Ex and Zelda got up from the table. August turned to leave. Ex and Zelda followed him. They made their way toward the exit. I watched them disappear through it. I welcomed the solitude. At the same time, I'd never felt so alone. By myself and with no other distraction, I watched the people from the fringe of the place, sipping my rum and coke. The usual cast of characters was assembled. Same people, different faces, sipping drinks and choking down cigarettes. It was late and people were dancing to the thump of the heavily based music. The base structured the environment, acting as a unifying force, oppressing individuality. It set the mood and defined the expressions of motion. The movements on the small floor were filled with erotic suggestion, making up a sexual tapestry. They moved with their bodies while their faces remained devoid of expression. Their humanity had been pounded out of the them by the echo base. I lusted for the women, some of whom were in various states of underdress and falling out of their clothes.
Fuck them. My depression was heavy. My mood darkened. I stared at the dancing people, shrouded by the smoke filled room and erratic lights, as I sunk. It embittered me. I felt the blackness in my soul as I sipped my drink. Dazed from exhaustion and drunk, I moved my gaze away from the dance floor.

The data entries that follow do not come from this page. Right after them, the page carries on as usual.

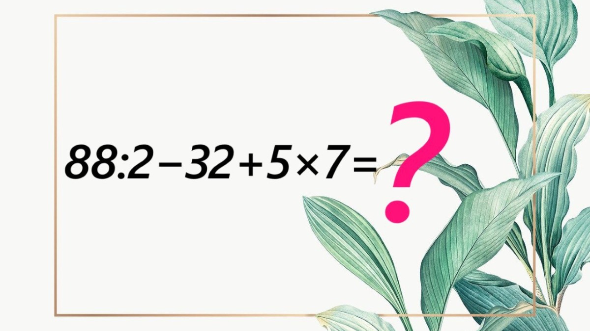 В первую очередь вам предстоит выполнить деление 88:2=44 и умножение 5×7=35. Действий осталось гораздо меньше, вычитаем 44-32=12 и складываем 12+35=47. До верного ответа добрались самые терпеливые личности.
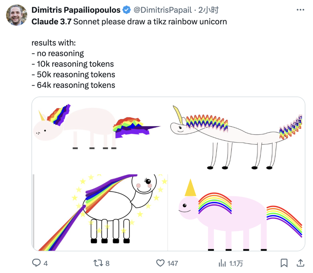 耗费的推理 Token 越多,Claude 3.7 Sonnet 绘制的「彩虹独角兽」效果越好。
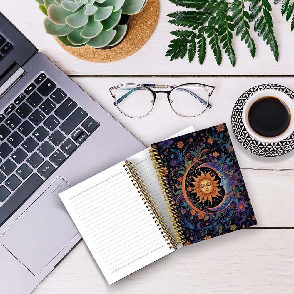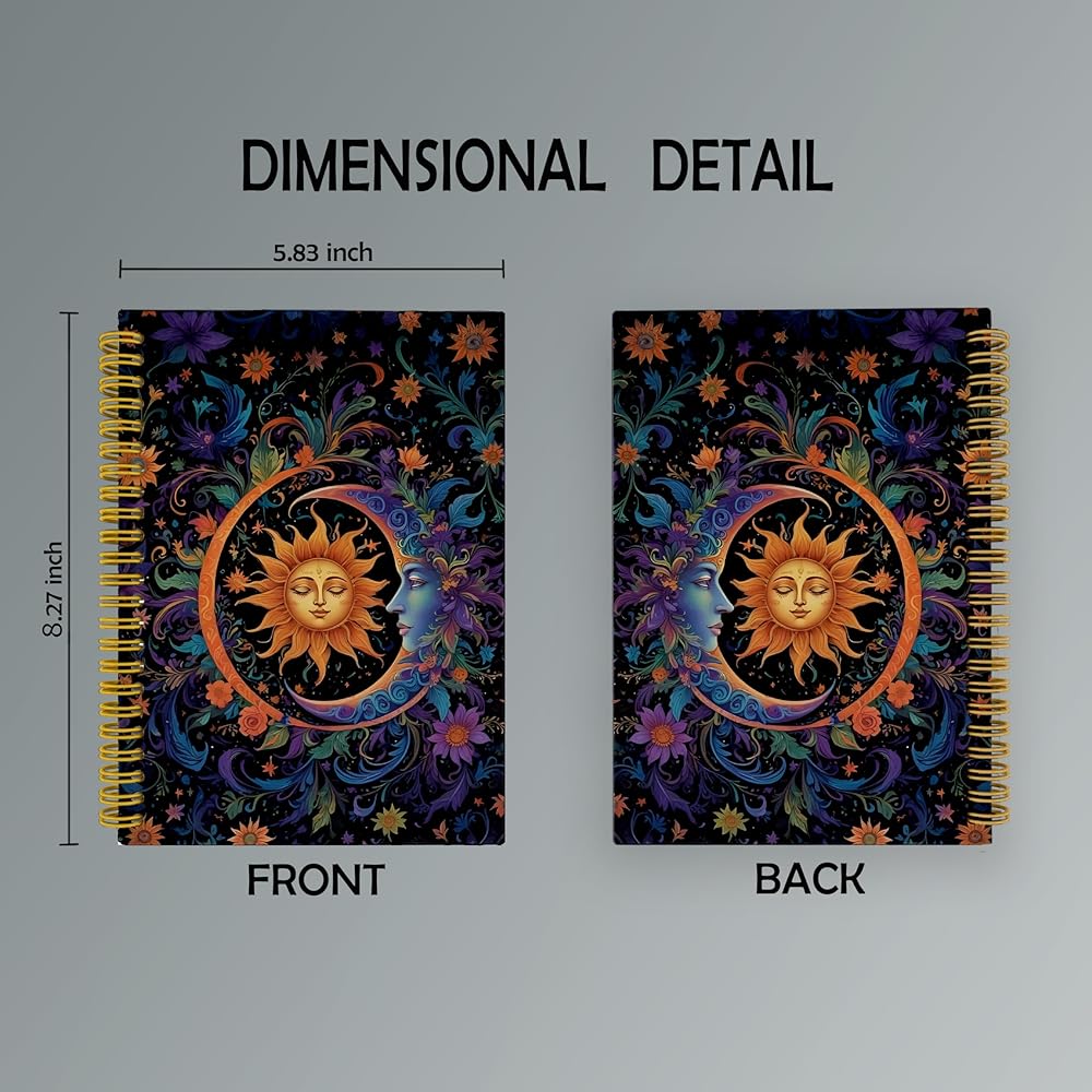 Celestial Sun and Moon Journal, Whimsical Boho Sun Moon Notebook, Witchy Notebook, Witch Journal, Dark Academia Notebook, Witchy Gifts for Women, Spiral Notebook 5.5x8.3 with 164 Pages
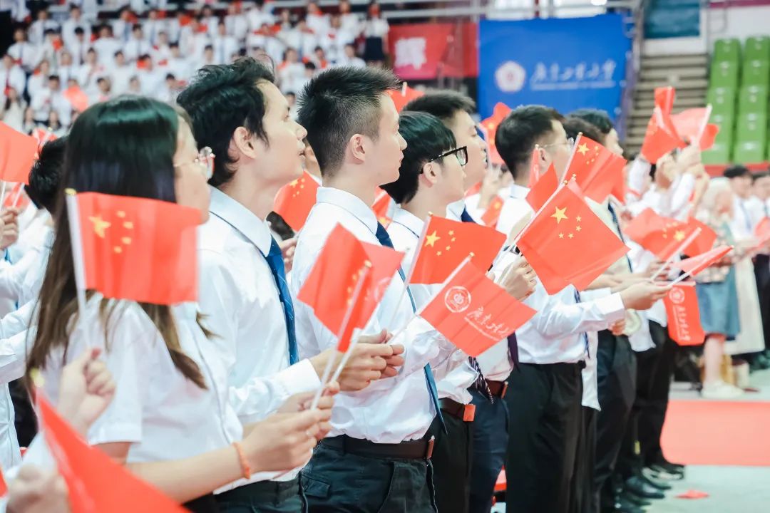 仪式上,毕业生们带着母校的期望、师友的祝福,由投身不同就业领域的优秀代表组成的“基层就业服务团”“大国工匠接班人”“科研创新攀撑者”登台,接受学校党委书记胡钦太授旗,出征奔赴梦想大舞台。
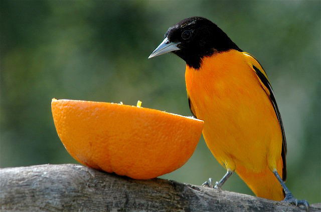 Bird feeding stations and enticements such as fruits, guarantee photographic success with critters like this handsome Male Baltimore Oriole. He gets fed, you get the picture.
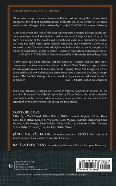 Introduction: Historicizing an Anti-Liberal Turn János Mátyás Kovács and Balázs Trencsényi Chapter 1: Reinventing Hungary with Revolutionary Fervor: The Declaration of National Cooperation as a Readers' Guide to the Fundamental Law of 2011 Chapter 2: Totalitarianism without Perpetrators? Politics of History in the "System of National Cooperation" Chapter 3: Civil Society in an Illiberal Democracy: Government-Friendly NGOs, "Foreign Agents," and Uncivil Publics Chapter 4: Beyond Electioneering: Minority Hungarians and the Vision of National Unification Chapter 5: The Role of Religion in the Illiberal Hungarian Constitutional System Chapter 6: The Right Hand Thinks: On the Sources of György Matolcsy's Economic Vision Chapter 7: Towards a "Work-Based Society"? Chapter 8: The Fear of Population Replacement Chapter 9: Votes, Ideology, and Self-Enrichment. The Campaign of Re-nationalization After 2010 Chapter 10: Viktor Orbán's Propaganda State Chapter 11: Ideology or Pragmatism? Interpreting Social Po
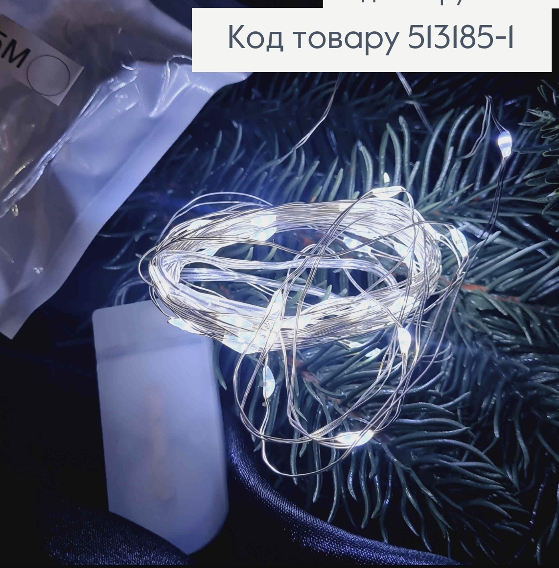 Гирлянда тонкая, на батарейках, Теплого белого цвета, дл. 5м (с батарейками в комплекте) 613183-1 фото

I turned my head and looked to the exit trying to escape from something.
As my vision panned the distance from the dance floor toward the exit, a beam of light ricochet off something familiar. I thought that I glimpsed someone I knew. It was a recognized silhouette, a remembered figure. Whomever it may have been, they were lost in the confusion of movement. I got up from the table and walked to the dance floor searching for a person I hadn't really recognized in the mob. An irrational sense of desperation over took me. I looked over the people on the dance floor. I accidentally bumped into a woman. She dismissed the jolt with disdain. The look on her face made me want to rip her fucking head off. I continued to search, looking over the collective mass, but at the same time focusing in on the individuals. I failed to find whomever it was I thought I saw.